For us, we would probably have an "SDK" for each BlackBerry handheld
codeline, this is in effect what we have today. And the SDK therefore
would have a consistent API. Of course, I could see this not being
flexible enough for a generic framework...
I guess I am thinking on the fly here... So perhaps project
association
is still at the Device level, but a device is uniquely defined in
combination with the SDK.
One thing that is important, is for the ISDK (or if necessary at a
more
granular level, the IDevice) to be able to provide the compile time
libraries. We provide our own implementation of the JavaME API's, and
obviously our BlackBerry extensions. We would need a mechanism to
inject this as the compile target.
Ken Wallis
Team Lead - Eclipse Tools
Research In Motion
905-629-4746 x14369
-----Original Message-----
From: dsdp-mtj-dev-bounces@xxxxxxxxxxx
[mailto:dsdp-mtj-dev-bounces@xxxxxxxxxxx] On Behalf Of Craig Setera
Sent: Thursday, January 29, 2009 8:14 PM
To: Mobile Tools for The Java Platform mailing list
Subject: Re: [dsdp-mtj-dev] Extension point for defining devices -
Back
onTrack
The basic idea that I have in my head goes something like this:
* Introduce a new ISDK interface into the MTJ models.
** ISDK has a name
** ISDK manages a list of IDevice instances
** There are likely other things to go here and I believe that Diego
is
already proposing this interface
* The current device importer implementations is altered to implicitly
create a new ISDK with the created devices
* All of the UI is updated to use the SDK's within the IDE (the device
selector primarily)
* A new extension point is added to register an ISDK instance.
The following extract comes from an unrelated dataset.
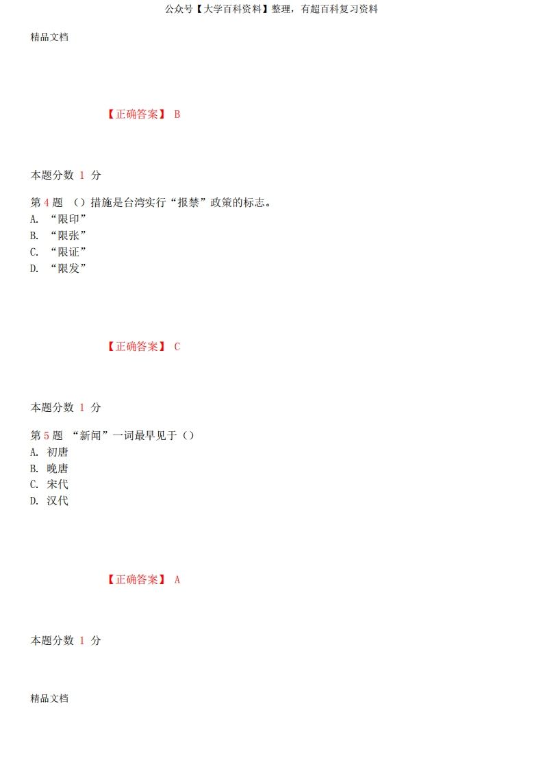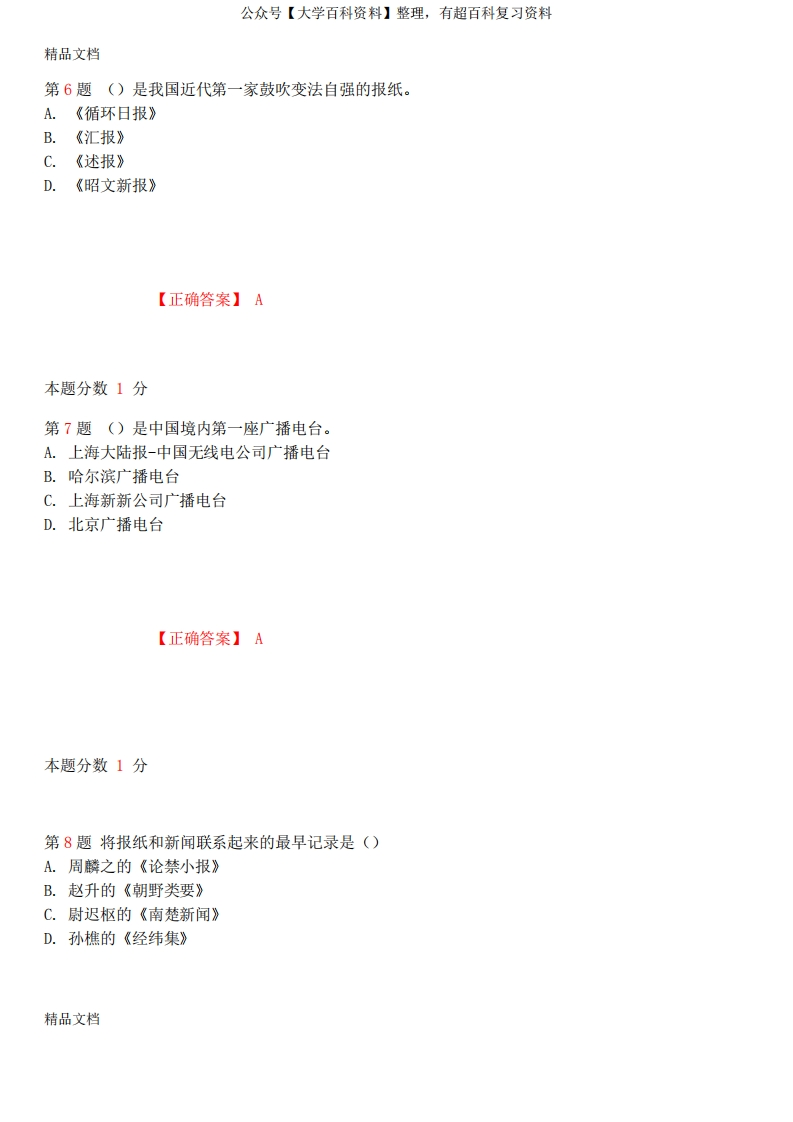 最新年10月全国自考《中国新闻事业史》考前试题和答案00653资料猴哥6个月前发布关注私信0.67MB21页05146最新年10月全国自考《中国新闻事业史》考前试题和答案00653资料此内容为免费资源,请登录后查看¥0 登录查看免费资源 第1页 / 共21页 第2页 / 共21页 第3页 / 共21页 该文档为免费文档,您可直接下载完整版进行阅读 © 版权声明文章版权归作者所有,未经允许请勿转载。THE END期末复习 喜欢就支持一下吧点赞46赞赏 分享QQ空间微博QQ好友海报分享复制链接收藏
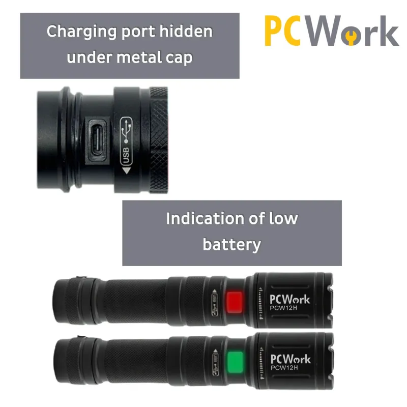 PCWorki PCW12H hübriid-LED-taskulamp on mitmekülgne, suure väljundvõimsusega valgustusvahend, mis kasutab CREE XML-U3 LED tehnoloogiat ja on loodud maksimaalse paindlikkuse tagamiseks nõudlikes keskkondades. See annab kuni 650 lm heledust.

** This extension point would specify the "name" of the SDK
** The extension point would specify the implementing class for the
ISDK
instance
There is likely more to it, but this seems like the basics. The
implication here is that an ISDK is entirely responsible for the
devices
being managed. How and where those devices come from is not part of
the
system. The instances can be generated "on the fly" as necessary by
the
SDK, or stored away some where. The core MTJ functionality would not
attempt to persist or resurrect device that are owned by an SDK. This
also implies that the current implementations for UEI and such would
need to be altered to do the device persistence themselves.
This is the basic idea I've been pondering for this. In the end, it
isn't well formed enough to be considered for Galileo in my mind....
We
need to continue the discussion to figure out if this works at all and
what would need to be done to make it work. I haven't looked
seriously
at the JRE extension points to see how close or far this proposal is
from the JRE definition.
Thanks,
Craig
Christian Kurzke wrote:
Hildum Eric-XFQ473 wrote:
This would probably impact projects, which associate one or more
devices with the projects. How would we reestablish these
associations?
This raises an interesting question:
Should a project be associated with an "SDK" or with a "Device".
e.g. If a project is associated with a Device, and there is more than
one SDK providing (posible updated) support for the same Device, how
would this be handled.
Or, when an updated SDK is providing support for the same devices,
should the project be automatically using the newer SDK?
This may lead to problems where a developer wants to temporarily try
out multiple SDKs for the same device.
My recommendation is that the project association is with a
combination of "SDK ID and Device ID", and no behind the scenes
changes to surprise the developer.
I think something like the JDT VmInstall ID. see:
http://help.eclipse.org/stable/topic/org.eclipse.jdt.doc.isv/reference/e
xtension-points/org_eclipse_jdt_launching_vmInstalls.html
Btw, Danail, thanks for the idea with the JDT VM registration
analogy,
i think this is a very good reference for how we can solve this.